As ftp is a weird protocol anyway, I don't think it should be used so much, especially for important things like updates.
They should use scp :-)
Oh please. rpm's package signing is there to check the integrity of packages which have come from unknown sources (read ftp servers) and to protect against intentional corruption. Using scp would be an other waste of time, as yast should pop up a big box in bright red reading "integrity of this package can't be checked / fails to verify and it may be corrupted and contain a trojan/virus/othernasty - would you like me to permanently remove this package - default answer yes" if necessary. Note I'm talking about rpm signatures, not its md5 sum, which ony protects against accidental corruption on download. apt-get AFAIU does not check package signatures, nor are most debian packages signed anyway. Considering the ten zillion packagers sining in a way which makes somes sense is somewhat difficult, and may not yet be operational. I agree with Roman - use apt-get if you feel so inclined, I won't. Why not use microdaft straight away - it's all very easy too, and security is an afterthought at best. I find downloading a recursive ftp server dir listing tells me what's new (there are time stamps on files). wget and rpm -Kv immediately after download work well, so does rpm -UvhF on all machines I have. If it's urgent copy/paste from the advisory into wget does work too. I don't see a big problem, although yes it could be automated more to make it an absolut no-brainer. No doubt YOU will get there.

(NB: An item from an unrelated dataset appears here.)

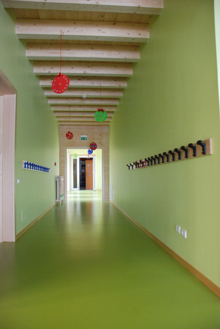 Svjesnost o važnosti trajne gradnje je odgovorne u općini Calcinaia u sjevernoj Italiji navelo na odluku za školu izgrađenu po principima drvene masivne gradnje. Na javnom natječaju ih je među brojnim ponudama konkurencije svojom kvalitetom i primjerenom cijenom najbolje uvjerila ponuda Rika. Školu obilježava toplina izvana i iznutra, kako bojama tako i materijalom, jer se u unutarnjim prostorima i na vanjskom obodu prepliću tople boje, a drvene masivne stijene nadopunjuje drveni strop.

I have submitted several bug reports to feedback@suse.com and bugs@suse.de
It's feedback@suse.de as listed in every rpm info and stated on mailing lists many times. These reports are acted on, SuSE did say that many times too, and I know from experience that that is correct. Also, as it's security-relevant you ought to be using security@suse.de at least some days before contacting bugtraq.
and not heard back from them. I have a serious mind to submit this to BugTraq in the hope of forcing SuSE to do something about it. I've never done anything like that before - do you think I should?
I consider it to be a serious issue if true, but unless you correctly notify SuSE you can't claim "vendor notified" status on bugtraq, which does not look good on you. Volker -- Volker Kuhlmann Please do not CC list postings to me.